Но ты к кордону, на счастье наше обоюдное, не пошел, к Кувшинкам свернул. Я – следом. Стал наблюдать за тобой скрытно, по-волчьи. Все видел: и как ты колодец чистил, и как к реке вскрывшейся ходил, плакал там возле вербы, и как на кладбище могилы поправлял, как на велосипеде к пристани ездил и даже как бурьян на огороде косил-жег и землю копал. Нет, порешил я, не убивец это, не тать ночной, а человек добрый, сердцем не испорченный, только в отчаянии каком-то сильном, в обиде. Но это случается с нормальными людьми, это быстро и проходит, только трогать их не надо, пусть поживут в одиночестве, помолчат, подумают. Я бы и не тронул тебя, но когда увидел, как ты над следами человеческими склонился, как встревожился ими, в намерении своем переменился.

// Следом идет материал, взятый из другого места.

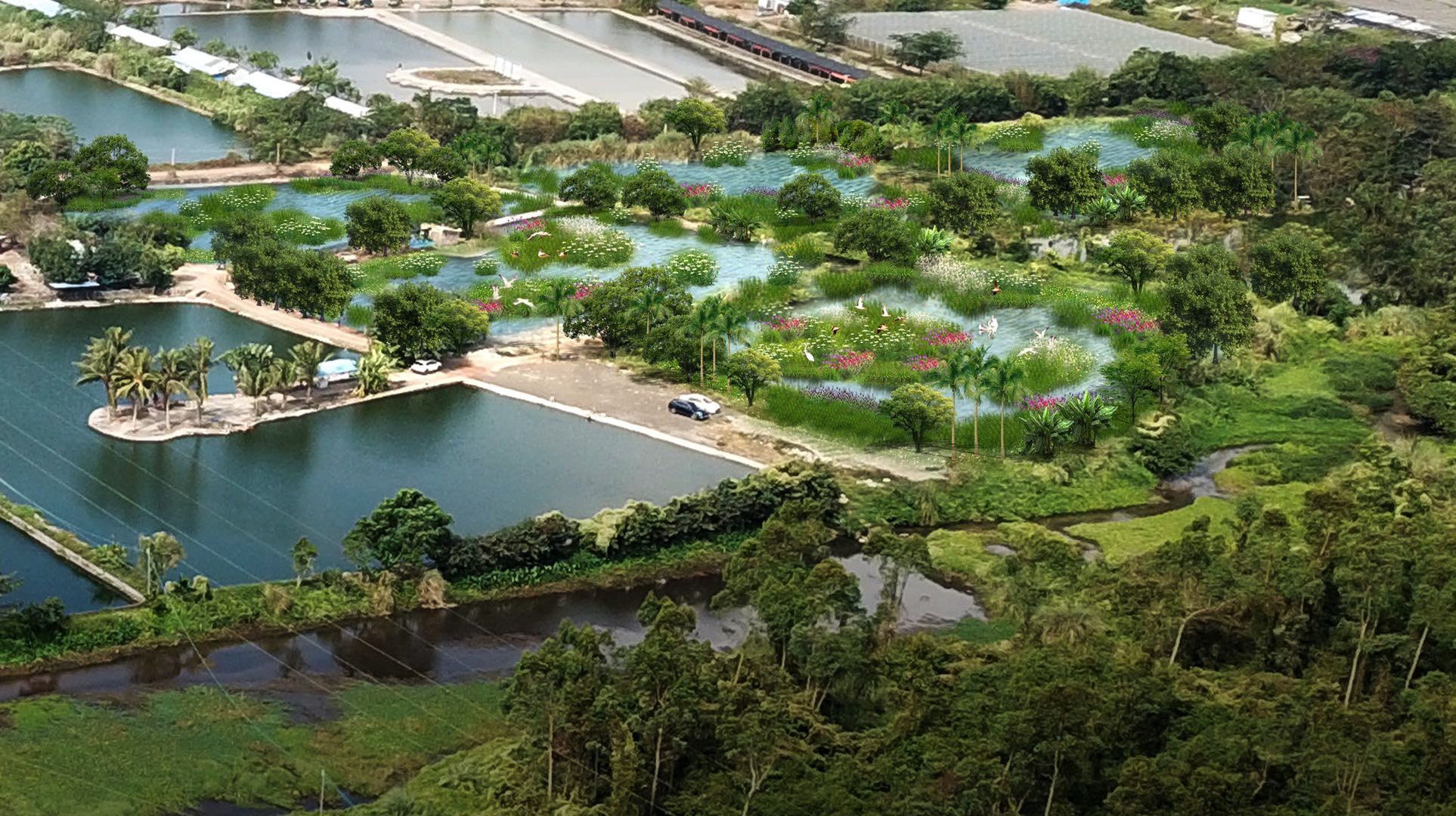 項目位于海南省??谑幸4蟮辣眰鹊纳嫌魏拥郎鷳B修復區以及椰海大道南側的濕地公園展示區和河源保育區。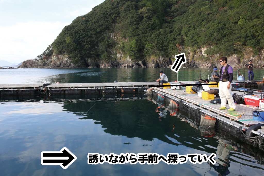 「太陽が昇ると、マダイは日陰に固まる傾向にあるので、晴れている日は沖側を選択するようにしています。また、角にマダイが固まる事もあるのですが、逆に青物が狙いにくくなるので、中央付近を選択するようにしてます」と鈴木氏。

Страшно мне стало: вдруг уйдешь ты, последний добрый человек на моем земном пути, в какие другие места или к людям, в жизнь их безрадостную вернешься – и некому будет меня похоронить, землей засыпать, чтоб звери лесные тело мое холодное не растерзали.
– Так это твои были следы? – не пожалел старика, оборвал его на полуслове Андрей.
– Да что ты?! – вздрогнул тот и даже взмахнул в отказе посохом-палкой. – Я по стежкам-дорожкам не хожу, следов не оставляю, больше по буеракам и дебрям пробираюсь. Это кто-то другой, неосторожный. Я же говорю тебе, здесь много всякого народа бродит – опасайся.
Андрей слова его об опасности, повторенные уже дважды, запомнил и еще больше укрепился в предчувствии, что недолгой его мирной жизни настал конец.
Старик же вернул палку на место и взглянул на Андрея так, словно точно знал, что будет за этим концом, знал, но сказать о том пока не хотел.
– Появлением здесь своим, – сказал он совсем другое, – жизнью своей хорошей, светом ночным в окошке ты и довел меня до последней черты. Маруся не могла довести, а ты довел. Нет мне больше жизни на этой земле. К людям, конечно, можно было выйти, в полон им сдаться, суд их и казнь праведную принять. Но что мне тот суд и та казнь, когда я сам себя осудил и казню ежечасно самой непереносимой, нечеловеческой казнью в душе. Мне теперь Суд Божий и тот не страшен. Так что остался я в своей берлоге, в схроне и вот дожил до сегодняшнего последнего дня. И уж ты сделай Божью милость – похорони меня завтра к вечеру. Не хочу висеть рядом с Венькой-полицаем. Мы с ним хоть и оба убийцы, но, сам рассуди, разные – один сук нас не выдержит.
Чуть в стороне от дуба я там уже и ямочку приготовил-вырыл, чтоб тебе не трудиться. Гроб и крест мне как убивцу и самоубивцу не полагается, так что ты не беспокойся об этом. Сбрось в ямочку да землей засыпь и заровняй ее без всякого бугорка-холмика, чтоб и следа от меня на этом свете не осталось. А теперь – прощай, – старик поднялся и опять трижды перекрестился на иконы. – Спасибо, что уважил, выслушал меня, принял мое покаяние, все легче мне помирать будет.